Data shown below:

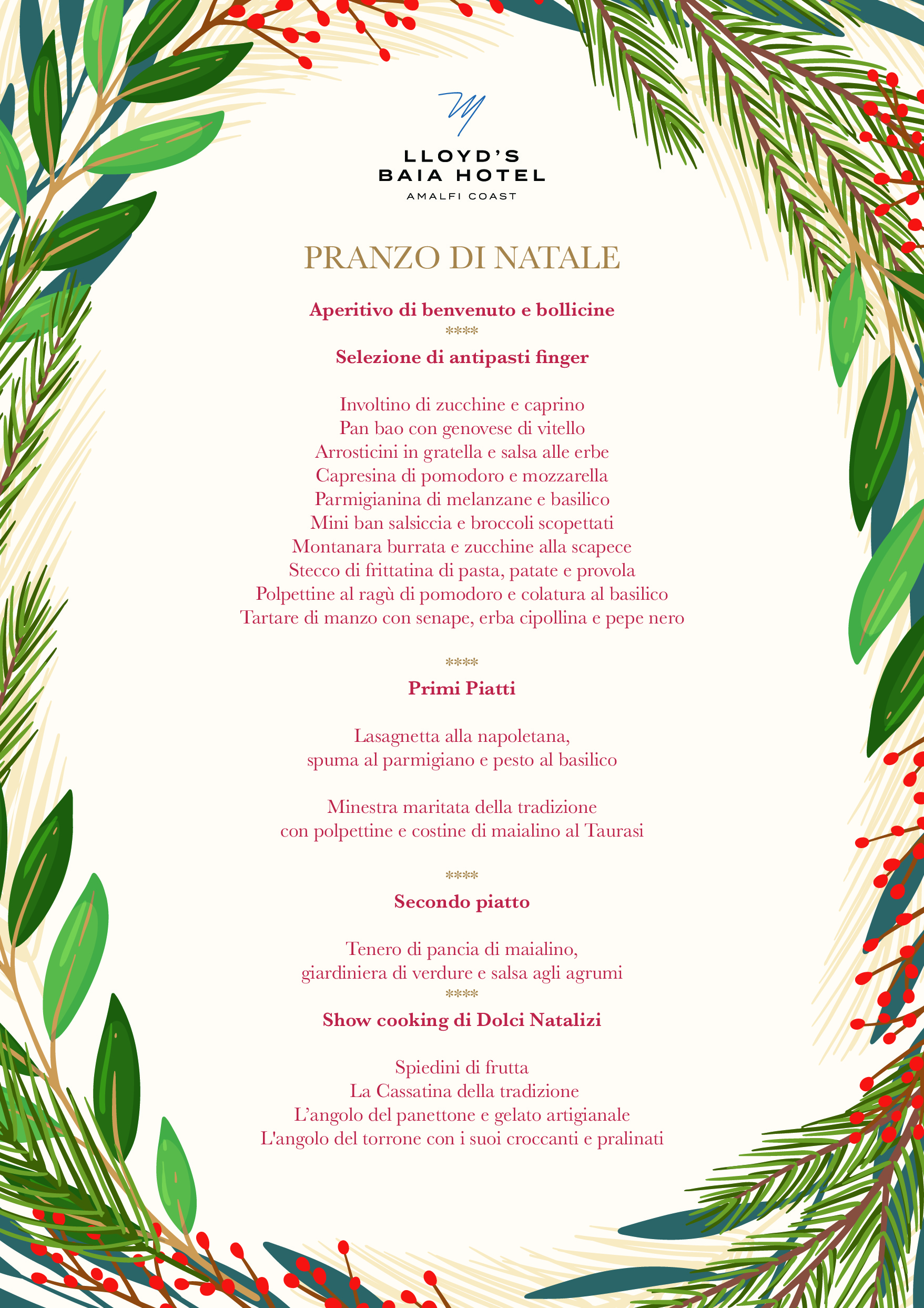 Come ogni anno, il Lloyd’s Baia Hotel offre ai propri ospiti la possibilità di trascorrere il periodo natalizio coccolati dal nostro staff.
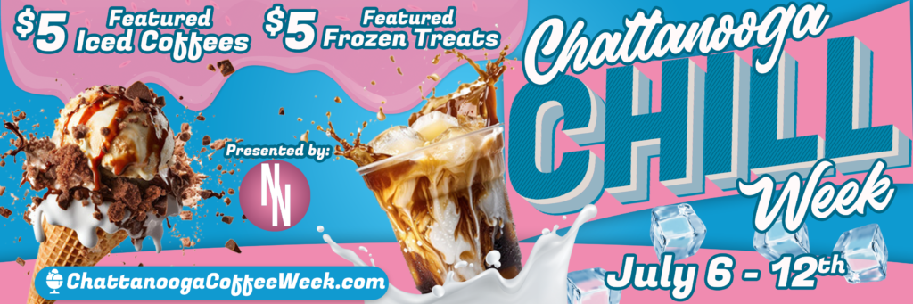 The 2nd Annual Chattanooga Chill Week is brewing in the Scenic City from July 6 - 12th 2026 ! Cool off with $5 Iced Coffees & $5 Frozen Treats around the Scenic City!
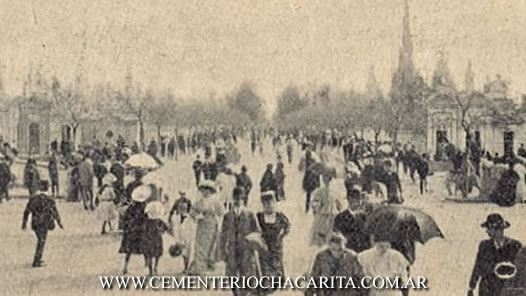 En Chacarita, por ser el más grande y popular de los cementerios la concurrencia nunca cesaba, renovándose durante todo el día, y en el extremo oeste del barrio, se había formado una vida comercial de compra y venta de artículos funerarios, como también se construían carpas y casillas de madera donde se vendían comestibles y bebidas. En bancos formados por un tablón colocado sobre trozos de madera hombres y mujeres, comen, beben, charlan, gritan y comentan alegremente las anécdotas de sus vidas, mientras siguen renovándose las masas humanas que arrojan los tranvías de la ciudad en estos parajes de tanta desolación y tristeza. Estas postales tan ambiguas, tan distintas contrastan también con el cuadro social, humildes y bien puestos penetran al sagrado recinto de la ciudad de los muertos. Ya en el interior de esas largas calles, silenciosas, llenas de recuerdos, pensamientos y sentimientos se depositan flores como ofrendas a la memoria de un padre, de una madre cariñosa, de un amigo o tal vez de un prometido. El hecho es que en ese día, todo era vida en los cementerios.

End of Data shown.

Work order: Each line of the material is to be output exactly. Images are not part of the expected output.

Written response:
 Come ogni anno, il Lloyd’s Baia Hotel offre ai propri ospiti la possibilità di trascorrere il periodo natalizio coccolati dal nostro staff.
 The 2nd Annual Chattanooga Chill Week is brewing in the Scenic City from July 6 - 12th 2026 ! Cool off with $5 Iced Coffees & $5 Frozen Treats around the Scenic City!
 En Chacarita, por ser el más grande y popular de los cementerios la concurrencia nunca cesaba, renovándose durante todo el día, y en el extremo oeste del barrio, se había formado una vida comercial de compra y venta de artículos funerarios, como también se construían carpas y casillas de madera donde se vendían comestibles y bebidas. En bancos formados por un tablón colocado sobre trozos de madera hombres y mujeres, comen, beben, charlan, gritan y comentan alegremente las anécdotas de sus vidas, mientras siguen renovándose las masas humanas que arrojan los tranvías de la ciudad en estos parajes de tanta desolación y tristeza. Estas postales tan ambiguas, tan distintas contrastan también con el cuadro social, humildes y bien puestos penetran al sagrado recinto de la ciudad de los muertos. Ya en el interior de esas largas calles, silenciosas, llenas de recuerdos, pensamientos y sentimientos se depositan flores como ofrendas a la memoria de un padre, de una madre cariñosa, de un amigo o tal vez de un prometido. El hecho es que en ese día, todo era vida en los cementerios.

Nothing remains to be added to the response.